After a while John seemed to be wanting to get his oxygen mask off but he couldn’t seem to raise his free hand, getting it as far as his chest before it fell back to his side again. Damon leaned over and removed it and John lay panting, gasping for breath. “They…they…wouldn’t even touch me!” A great moan rose up from his inside and then he started to cough and sort of choke and Damon held the oxygen mask over his mouth so he could breathe again.
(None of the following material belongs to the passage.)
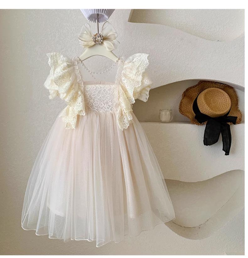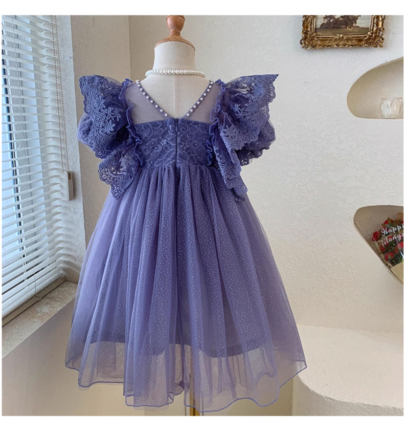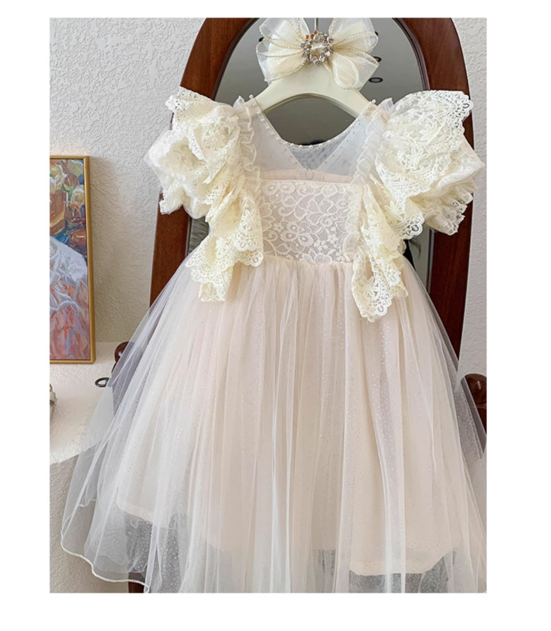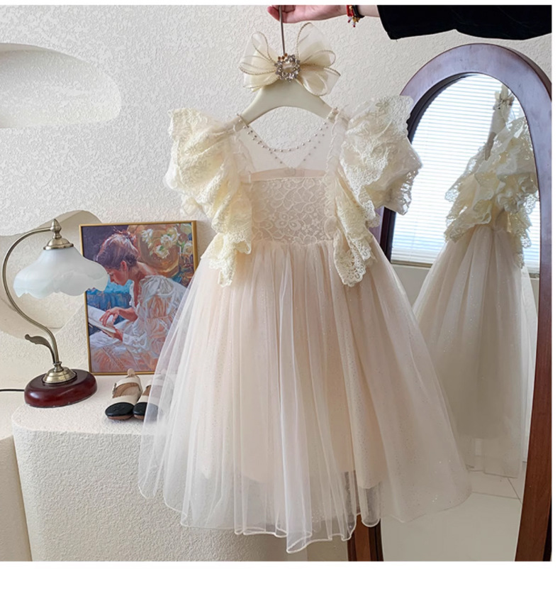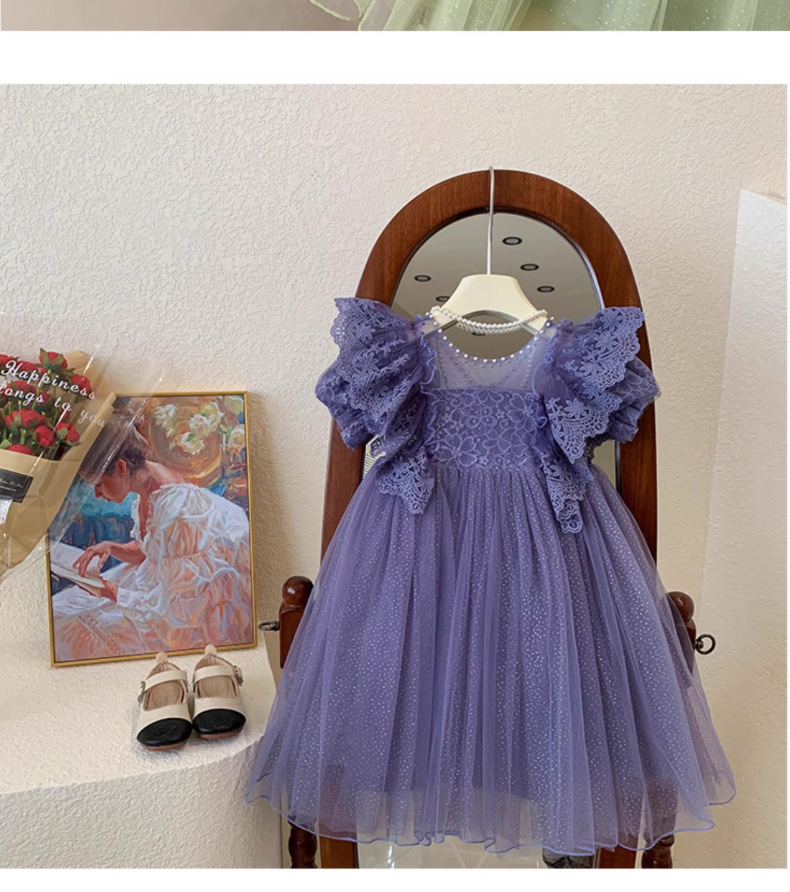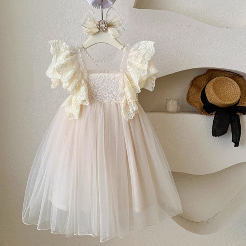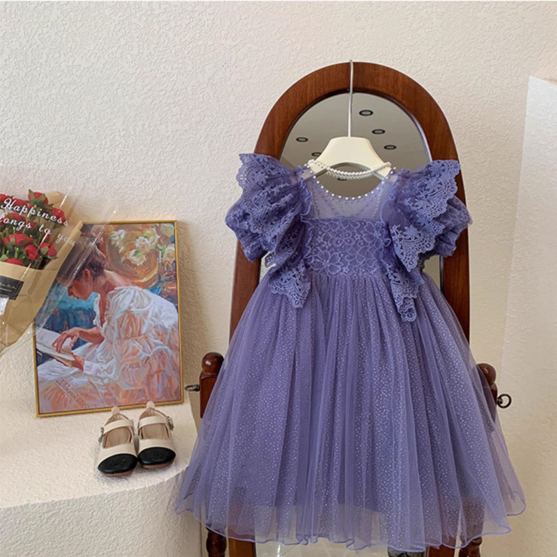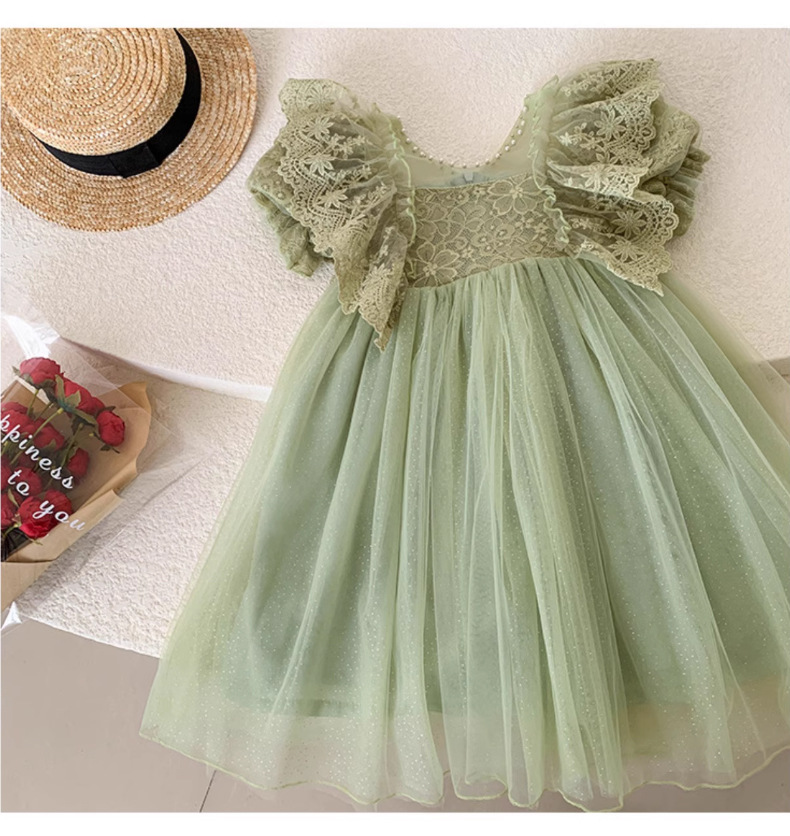 한국 소녀 드레스 여름 어린 소녀 녹색 메쉬 요정 드레스 아기 유행 레이스 푹신한 공주 드레스

Damon turned to me. “Dad, I told him that you’d be coming tonight, that you’d hug him, that you’d be his dad as much as he wanted.” Damon looked up at me, his eyes swollen from crying. Suddenly he buried his head into my chest. “But you got here too late,” he sobbed.
Twenty-four
When Home is a Lifesaver at Bondi Beach.
The thing about AIDS is its constant bombardment of the human body. A healthy human being may be likened to a country protected by its own army and well able to keep its borders safe from invasion. When HIV infiltrates, it is like a mole in a spy story, the virus lies dormant waiting for some incident to trigger it into action. While nobody knows what this silent signal is, it allows the alien HIV to subvert and neutralise the body’s armed forces – the T-cells – until the country can no longer defend itself.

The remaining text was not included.